The drive member includes an input shaft which is adapted to be connected to the lower auger. On an opposite end of the drive member from the input shaft is a pilot shaft having a tapered end or centering cone designed to help align the drive member with the driven member. The pilot shaft is in axial alignment with the input shaft. Surrounding the pilot shaft is an annular first thrust bearing surface. The thrust bearing surface engages a similar surface on the driven member and thereby controls the axial spacing between the two members. Spaced outwardly from the thrust bearing surface of the drive member is an annular row of drive teeth. The drive teeth project axially upwardly from an annular base surface which is parallel to and concentric with the thrust bearing surface. The drive teeth each have an engagement surface and a sloping alignment surface opposite the engagement surface.
The driven member includes an output shaft which is securable to the upper auger. On an opposite end of the driven member from the output shaft and in axial alignment with the output shaft is a receiver sized and shaped to accept the pilot shaft of the drive member. The receiver is surrounded by the driven member""s thrust bearing surface. Spaced radially outwardly from the thrust bearing surface is an annular row of driven teeth which are structurally identical to the drive teeth. The driven teeth project axially downwardly from a tooth base surface which is parallel to and concentric with the thrust bearing surface.

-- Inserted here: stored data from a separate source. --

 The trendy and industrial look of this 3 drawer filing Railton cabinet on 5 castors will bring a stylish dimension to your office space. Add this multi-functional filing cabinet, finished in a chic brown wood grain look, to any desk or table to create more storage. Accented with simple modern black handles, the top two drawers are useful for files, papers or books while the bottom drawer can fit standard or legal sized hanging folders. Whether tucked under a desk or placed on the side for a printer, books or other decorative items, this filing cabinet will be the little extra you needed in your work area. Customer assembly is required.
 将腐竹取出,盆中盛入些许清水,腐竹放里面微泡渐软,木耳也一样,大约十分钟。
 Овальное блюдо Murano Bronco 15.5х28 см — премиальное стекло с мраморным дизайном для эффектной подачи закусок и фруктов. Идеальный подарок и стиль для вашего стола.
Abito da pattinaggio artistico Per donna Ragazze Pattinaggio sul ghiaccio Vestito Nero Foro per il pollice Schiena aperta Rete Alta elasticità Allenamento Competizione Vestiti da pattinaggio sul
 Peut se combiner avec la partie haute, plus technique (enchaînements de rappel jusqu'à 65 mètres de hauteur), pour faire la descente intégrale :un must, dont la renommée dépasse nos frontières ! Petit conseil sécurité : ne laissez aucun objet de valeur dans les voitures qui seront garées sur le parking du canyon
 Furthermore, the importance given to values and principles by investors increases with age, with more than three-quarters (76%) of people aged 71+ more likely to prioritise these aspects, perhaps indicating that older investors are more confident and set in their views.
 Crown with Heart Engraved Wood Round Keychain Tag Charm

As the conveyor is unfolded, bringing the upper and lower augers into axial alignment, the driven member comes into engagement with the drive member to transfer rotational movement from the lower auger to the upper auger. As the two coupler members come together, the tapered end of the pilot shaft guides the pilot shaft into the receiver, which axially aligns the driven member with the drive member. The alignment surfaces of the teeth help bring the teeth into proper orientation so that the tooth engagement surfaces of the drive and driven members can engage each other.

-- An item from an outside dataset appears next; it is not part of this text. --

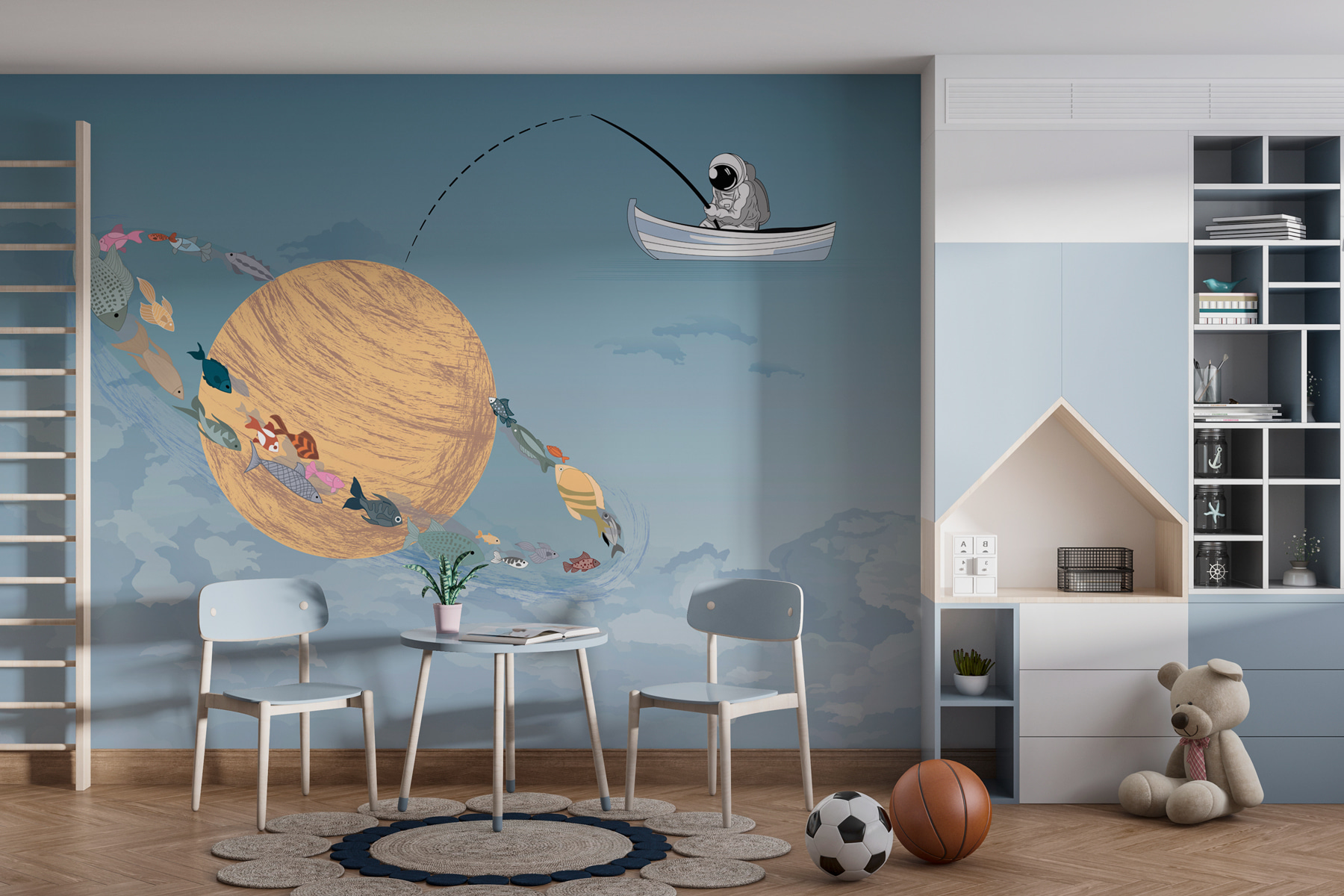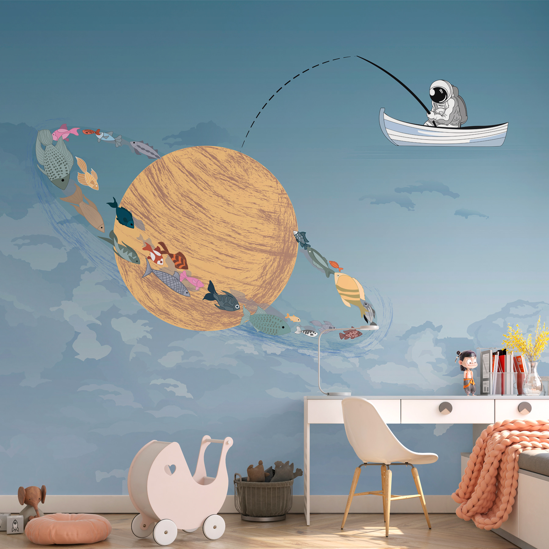 Představte si příjemný malý rybářský výlet, ale místo klidného jezera se vznášíte v oblacích. Tato nástěnná malba tento sen oživuje. Představte si rozmarnou scénu muže v loďce, který rybaří v oblacích, a barevné ryby plující kolem obří vířící planety. Jasně modrá a jemná bílá vytvářejí klidnou atmosféru, ideální pro snění. Je to jako tajné dobrodružství, které čeká přímo nad vaší hlavou. Ideální do dětského pokoje nebo kreativního prostoru, podněcuje fantazii a dodá každé stěně zábavný nádech. Kdo by nechtěl hodit čáru do oblak?

When the coupler members are fully engaged the thrust bearing surfaces of the two members are in contact with each other. This contact between the thrust bearing surfaces holds the drive and driven teeth in spaced relation along the axis of rotation, such that a first set of clearance gaps are formed between the lower extremities of the driven teeth and the drive tooth base surface and a second set of clearance gaps are formed between the upper extremities of the drive teeth and the driven tooth base surface. These first and second sets of clearance gaps allow the coupler driven member to engage the coupler drive member despite an accumulation of grain or debris on either of the coupler members.
The auger coupler also includes an automatic clean-out feature. Any grain or debris which has collected in the clearance gaps will be spun out of the clearance gaps when the coupler begin to rotate. In addition, the clearance gaps communicate with the annular space left between the rows of teeth and the outside edges of the thrust bearing surfaces, allowing any grain or debris which has accumulated in the annular space to be spun out as well.
The principal objects and advantages of the present invention include: providing an auger coupler for joining upper and lower augers of a folding grain conveyor; providing such an auger coupler which is capable of transferring rotational movement from the lower auger to the upper auger; providing such an auger coupler which will engage despite an accumulation of grain or debris on the auger coupler; providing such an auger coupler which has an automatic clean out feature; providing such an auger coupler which is strong and well balanced; and providing such an auger coupler which is economical to manufacture, efficient in operation, capable of long operating life and particularly well-adapted for the proposed usage thereof.